** Opening Extracted material block **

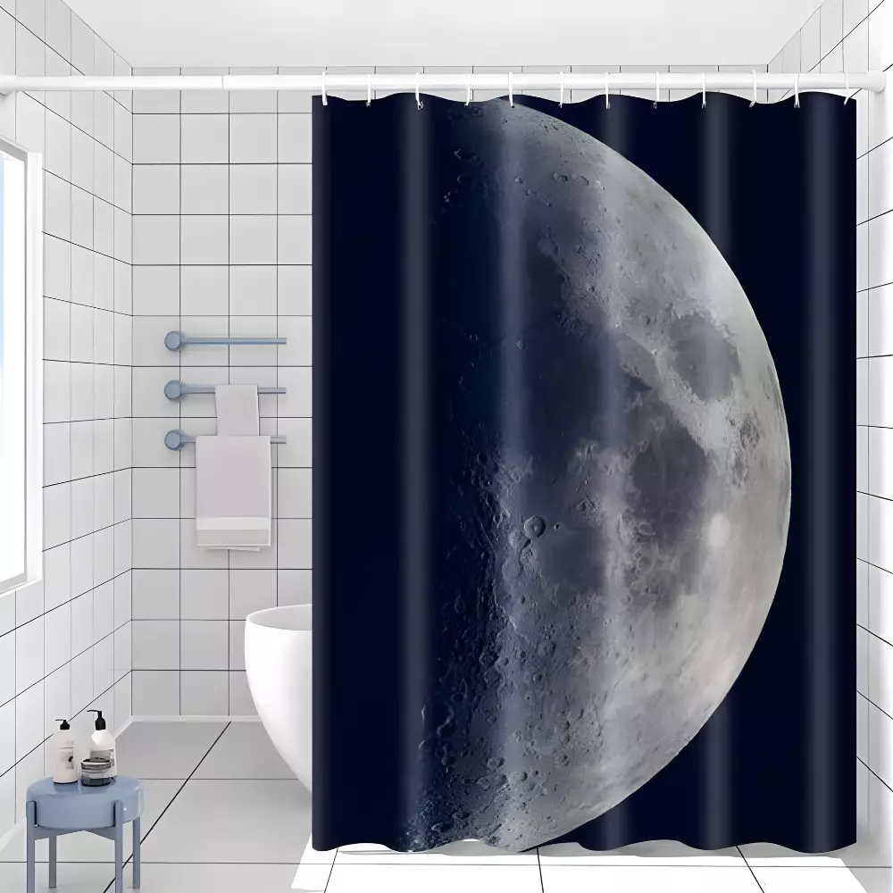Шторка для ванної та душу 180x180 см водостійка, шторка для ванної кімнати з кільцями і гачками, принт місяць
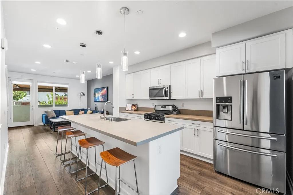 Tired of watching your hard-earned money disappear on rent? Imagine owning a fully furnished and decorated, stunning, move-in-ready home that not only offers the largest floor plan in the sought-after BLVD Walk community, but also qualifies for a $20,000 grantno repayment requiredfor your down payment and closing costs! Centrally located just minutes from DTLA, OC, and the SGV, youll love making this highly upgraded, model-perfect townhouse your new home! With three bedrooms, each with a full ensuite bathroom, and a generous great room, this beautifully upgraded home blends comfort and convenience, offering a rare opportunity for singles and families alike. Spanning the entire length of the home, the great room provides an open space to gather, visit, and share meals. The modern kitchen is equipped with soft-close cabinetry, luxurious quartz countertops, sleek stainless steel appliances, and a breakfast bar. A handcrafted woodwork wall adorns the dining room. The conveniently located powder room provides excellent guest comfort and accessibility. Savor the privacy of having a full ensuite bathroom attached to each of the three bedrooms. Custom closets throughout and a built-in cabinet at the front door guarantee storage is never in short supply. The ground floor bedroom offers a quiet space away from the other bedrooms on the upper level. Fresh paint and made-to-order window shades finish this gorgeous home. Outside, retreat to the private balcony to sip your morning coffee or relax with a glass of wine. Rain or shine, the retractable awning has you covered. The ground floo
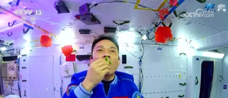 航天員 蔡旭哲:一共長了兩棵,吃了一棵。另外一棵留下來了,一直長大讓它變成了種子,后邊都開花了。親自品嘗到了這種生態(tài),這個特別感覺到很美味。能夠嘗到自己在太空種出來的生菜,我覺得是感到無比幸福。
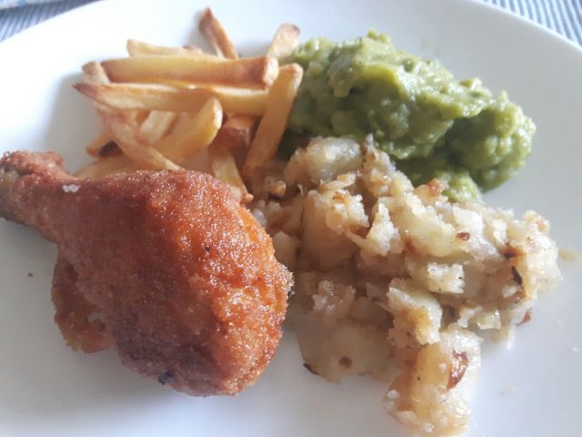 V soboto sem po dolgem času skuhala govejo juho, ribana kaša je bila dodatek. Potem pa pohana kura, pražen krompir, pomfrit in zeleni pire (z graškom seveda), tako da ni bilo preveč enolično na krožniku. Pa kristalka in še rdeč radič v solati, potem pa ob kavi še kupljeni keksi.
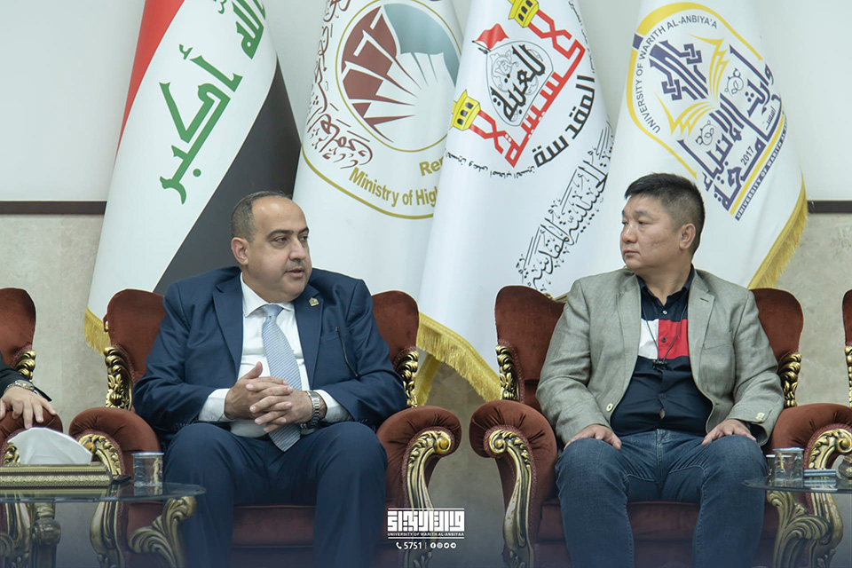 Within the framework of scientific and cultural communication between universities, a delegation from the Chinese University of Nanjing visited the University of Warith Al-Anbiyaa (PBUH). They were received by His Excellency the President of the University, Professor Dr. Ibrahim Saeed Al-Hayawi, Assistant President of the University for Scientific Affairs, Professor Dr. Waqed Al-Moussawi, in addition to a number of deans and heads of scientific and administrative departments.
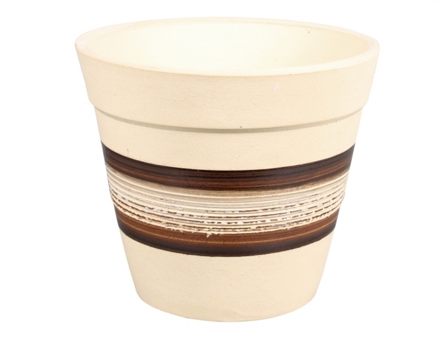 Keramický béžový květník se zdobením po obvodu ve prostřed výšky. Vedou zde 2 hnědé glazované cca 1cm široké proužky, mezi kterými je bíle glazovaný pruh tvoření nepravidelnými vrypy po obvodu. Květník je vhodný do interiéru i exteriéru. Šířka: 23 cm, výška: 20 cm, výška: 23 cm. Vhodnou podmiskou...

** Closing Extracted material block **

- Problem description -
All entries must be output unchanged, with every picture omitted.

- Result of the exercise -
Шторка для ванної та душу 180x180 см водостійка, шторка для ванної кімнати з кільцями і гачками, принт місяць
 Tired of watching your hard-earned money disappear on rent? Imagine owning a fully furnished and decorated, stunning, move-in-ready home that not only offers the largest floor plan in the sought-after BLVD Walk community, but also qualifies for a $20,000 grantno repayment requiredfor your down payment and closing costs! Centrally located just minutes from DTLA, OC, and the SGV, youll love making this highly upgraded, model-perfect townhouse your new home! With three bedrooms, each with a full ensuite bathroom, and a generous great room, this beautifully upgraded home blends comfort and convenience, offering a rare opportunity for singles and families alike. Spanning the entire length of the home, the great room provides an open space to gather, visit, and share meals. The modern kitchen is equipped with soft-close cabinetry, luxurious quartz countertops, sleek stainless steel appliances, and a breakfast bar. A handcrafted woodwork wall adorns the dining room. The conveniently located powder room provides excellent guest comfort and accessibility. Savor the privacy of having a full ensuite bathroom attached to each of the three bedrooms. Custom closets throughout and a built-in cabinet at the front door guarantee storage is never in short supply. The ground floor bedroom offers a quiet space away from the other bedrooms on the upper level. Fresh paint and made-to-order window shades finish this gorgeous home. Outside, retreat to the private balcony to sip your morning coffee or relax with a glass of wine. Rain or shine, the retractable awning has you covered. The ground floo
 航天員 蔡旭哲:一共長了兩棵,吃了一棵。另外一棵留下來了,一直長大讓它變成了種子,后邊都開花了。親自品嘗到了這種生態(tài),這個特別感覺到很美味。能夠嘗到自己在太空種出來的生菜,我覺得是感到無比幸福。
 V soboto sem po dolgem času skuhala govejo juho, ribana kaša je bila dodatek. Potem pa pohana kura, pražen krompir, pomfrit in zeleni pire (z graškom seveda), tako da ni bilo preveč enolično na krožniku. Pa kristalka in še rdeč radič v solati, potem pa ob kavi še kupljeni keksi.
 Within the framework of scientific and cultural communication between universities, a delegation from the Chinese University of Nanjing visited the University of Warith Al-Anbiyaa (PBUH). They were received by His Excellency the President of the University, Professor Dr. Ibrahim Saeed Al-Hayawi, Assistant President of the University for Scientific Affairs, Professor Dr. Waqed Al-Moussawi, in addition to a number of deans and heads of scientific and administrative departments.
 Keramický béžový květník se zdobením po obvodu ve prostřed výšky. Vedou zde 2 hnědé glazované cca 1cm široké proužky, mezi kterými je bíle glazovaný pruh tvoření nepravidelnými vrypy po obvodu. Květník je vhodný do interiéru i exteriéru. Šířka: 23 cm, výška: 20 cm, výška: 23 cm. Vhodnou podmiskou...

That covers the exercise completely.